Social media analytics as a labour substitution tool to restructure management of a
team or plan a change management
This section is concerned with the change in labour demand and prioritising of skills as the
application of big data analytics would require a team with specific skills and knowledge to
manage this. Social media analytics acts as a labour substitution tool that inspires change
management in a team to allow restructuring of organization members roles and job scope.
The incorporation of new skills is also part of the change management catalyzed by this
technology to help brands manage their focus in improving consumer experience efficiently.

58

Conclusion
The discussion of social media analytics as a tool to help brands manage online consumer
experience has illustrated methods and applications relevant to proving its capabilities. While
the discussion is based on a contextual theory, businesses need to make sure that their
experience are aligned well with the uses of the technology as it requires a high budget and
operational procedures to work the technology.
The interviews have provided justifications on its relevance towards managing customer-brand
online relationships in areas like product reviews, consumer sentiments, product
recommendation opinion formation and influencer determination.
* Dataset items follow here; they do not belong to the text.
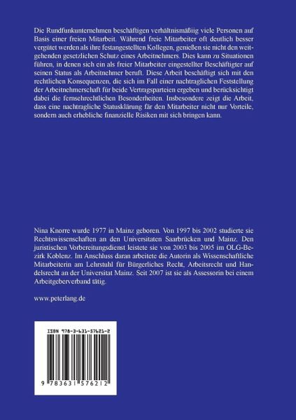 Die Rundfunkunternehmen beschäftigen verhältnismäßig viele Personen auf Basis einer freien Mitarbeit. Während freie Mitarbeiter oft deutlich besser vergütet werden als ihre festangestellten Kollegen, genießen sie nicht den weitgehenden gesetzlichen Schutz eines Arbeitnehmers. Dies kann zu Situationen führen, in denen sich ein als freier Mitarbeiter eingestellter Beschäftigter auf seinen Status als Arbeitnehmer beruft. Diese Arbeit beschäftigt sich mit den rechtlichen Konsequenzen, die sich im Fall einer nachträglichen Feststellung der Arbeitnehmerschaft für beide Vertragsparteien ergeben und berücksichtigt dabei die fernsehrechtlichen Besonderheiten. Insbesondere zeigt die Arbeit, dass eine nachträgliche Statusklärung für den Mitarbeiter nicht nur Vorteile, sondern auch erhebliche finanzielle Risiken mit sich bringen kann.
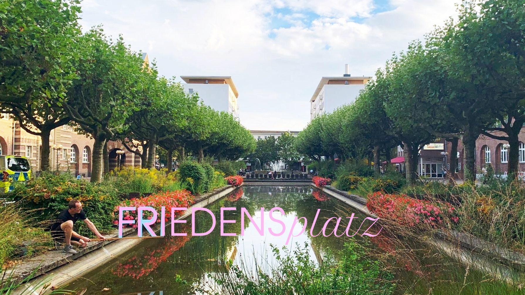 Zusätzlich wird es eine visuelle Installation geben: Den Schriftzug FRIEDENsplatz im Wasserbecken. Das Bild oben besteht z.T. bereits aus den realen Buchstaben.
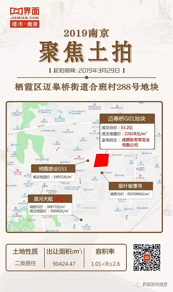 3月29日南京迎来春节后首次土拍,此次共拍出的7幅地,其中2幅涉宅用地迈皋桥G01地块和西善桥G02地块,分别经过120轮竞拍和58轮竞拍,被新希望和世茂拿下。此次土拍给土地市场注入了很大的信心,也让人们看到了土地市场回温的希望。
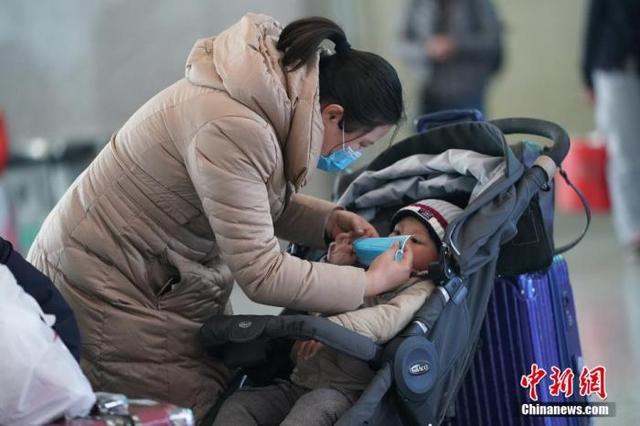 资料图:安徽蚌埠南站内,一名旅客为儿童佩戴口罩。中新社记者 张兴龙 摄
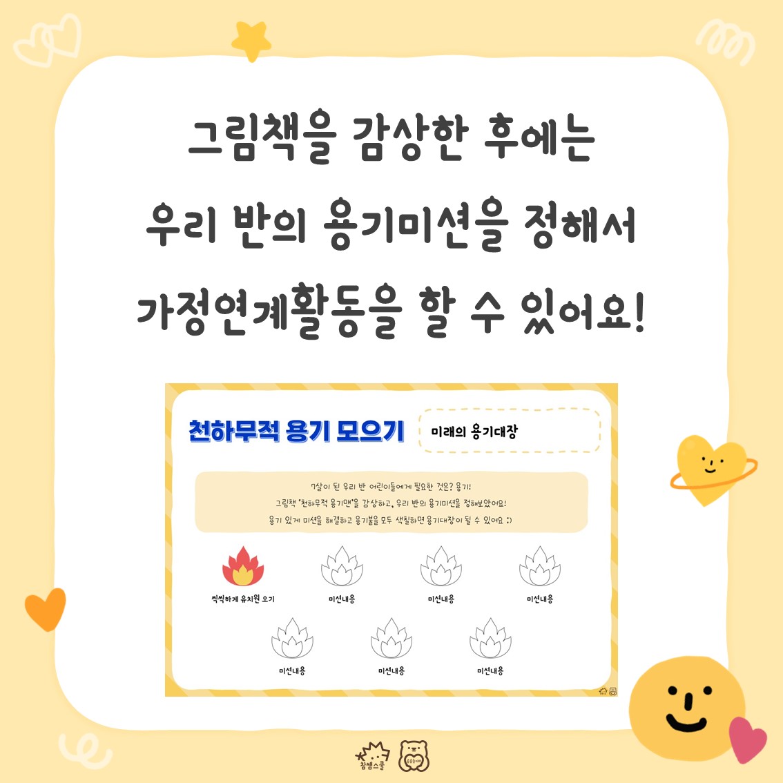그림책 감상 후 진행할 수 있는 가정연계활동까지 준비했어요😉
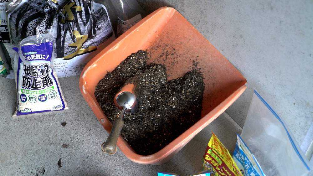 培養土の配合をしています。寄せ植え用の培養土ですが、今年は、赤玉土小粒6、腐葉土3、バーク堆肥1を基本に、もみ殻くん炭を軽く1(パーライトを軽く1追加で入れる場合もあります)、珪酸塩白土大きく一握り、苦土石灰一つまみ(3g程度)、マグァンプK中粒適量、オルトランDX適量で配合しています。秋にこの配合でテストしてとても調子が良いです。
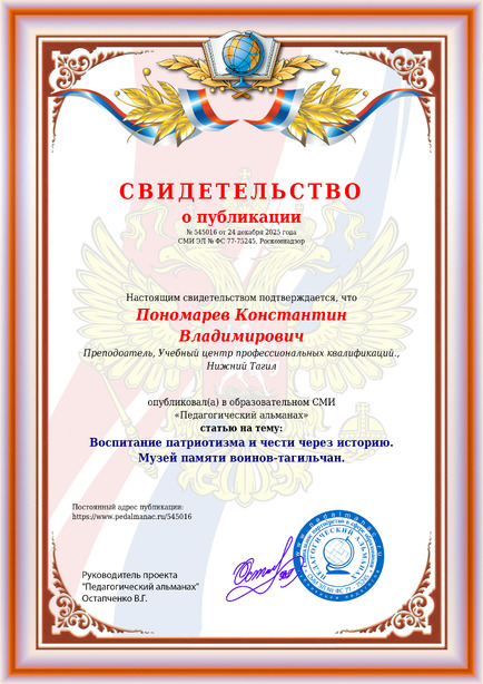 Пономарев Константин Владимирович Воспитание патриотизма и чести через историю. Музей памяти воинов-тагильчан. / К. В. Пономарев. – Текст : электронный // Педагогический альманах : электронное СМИ. - URL: https://www.pedalmanac.ru/545016. - Дата публикации: 24 декабря 2025.
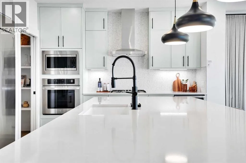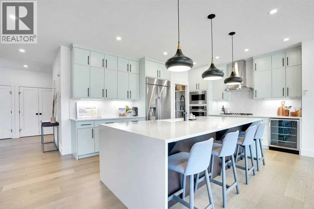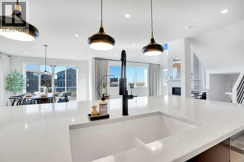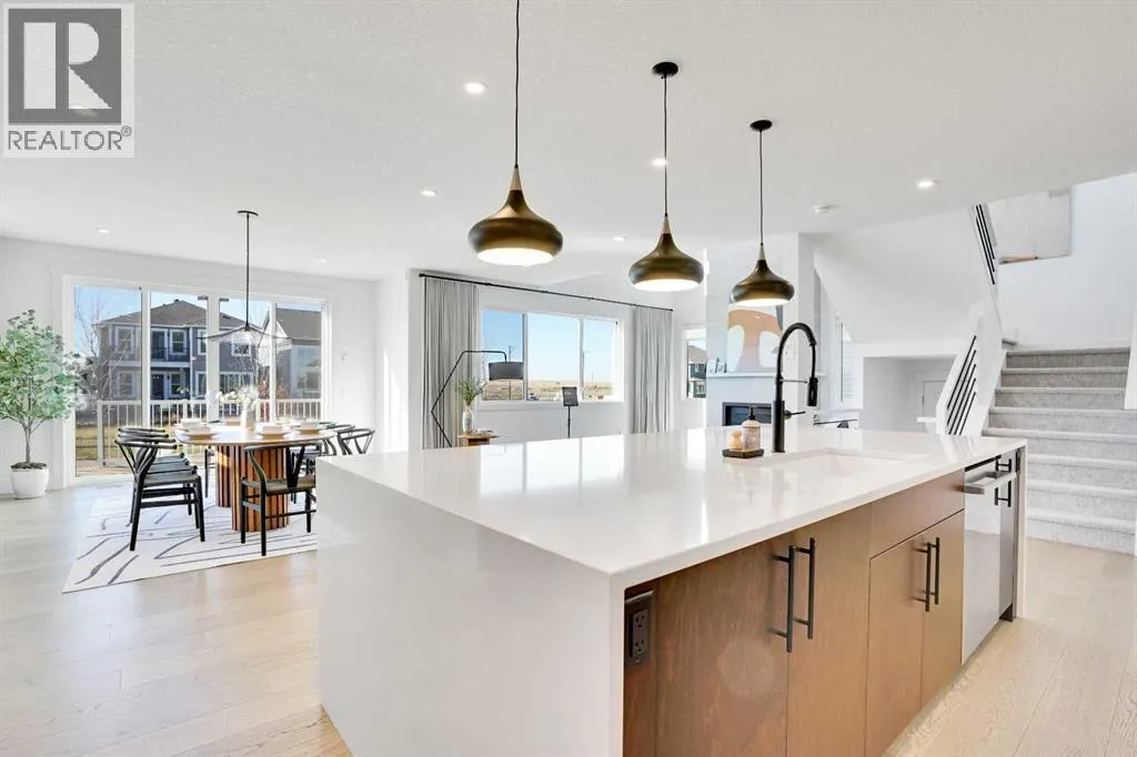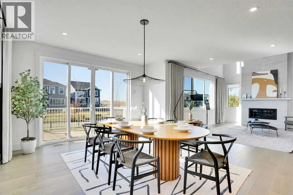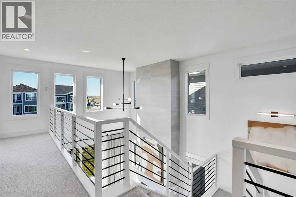 As you step inside, the main floor greets you with engineered hardwood flooring that flows seamlessly throughout the open-concept layout. The heart of the home features a gourmet kitchen with a striking waterfall island, high-end finishes, and a gas cooktop. Complementing it is a convenient spice kitchen, perfect for additional meal preparation. The spacious great room is enhanced by a gas fireplace, creating a warm ambiance for family gatherings, while an elegant open-to-below design adds to the grandeur. A bright office on the main floor offers the perfect workspace for todayâs lifestyle.? Upstairs, youâll find ?4 beautifully appointed bedrooms with built-in closets?, a laundry room and thoughtfully designed spaces for the entire family. The primary suite is a true retreat, featuring a full-tile shower, a stand-alone soaking tub, and premium finishes throughout. ?Another second prime bedroom has 4pc ensuite and a closet. The other 2 bedrooms share another 4pc bathroom. A huge center bonus room is the heart of the property. Railing details extend across the upper level, adding to the homeâs modern appeal and open feel.? The fully developed basement expands your living space with a well-equipped wet bar complete with a sink, dishwasher, and beverage mini-fridge â ideal for entertaining. The lower level also features a steam shower, additional bedrooms, and a private side entry, offering flexibility for extended family or guests.? Enjoy comfort year-round with air conditioning, and take advantage of outdoor living on the rear deck overlooking the landscaped backyard. This home comes fully landscaped and ready for immediate enjoyment, with possession available in 30 to 60 days.? Offered at ?this attractive price this exceptional show home truly blends craftsmanship, functionality, and luxury in one perfect package. (id:27476)

Relevant techniques
pertaining to managing consumer experience are sentiment analysis, social network analysis,
and recommender system. More areas could be investigated upon such as video analytics as it
has been described to provide rich insights on consumer needs.
This research sets out to provide a novel attempt in contextualizing big data using social media
analytics due to its interdisciplinary nature. However, in the future there is a recommendation
for another interdisciplinary research that emphasizes on building solution frameworks for new
social media based analytics and information systems.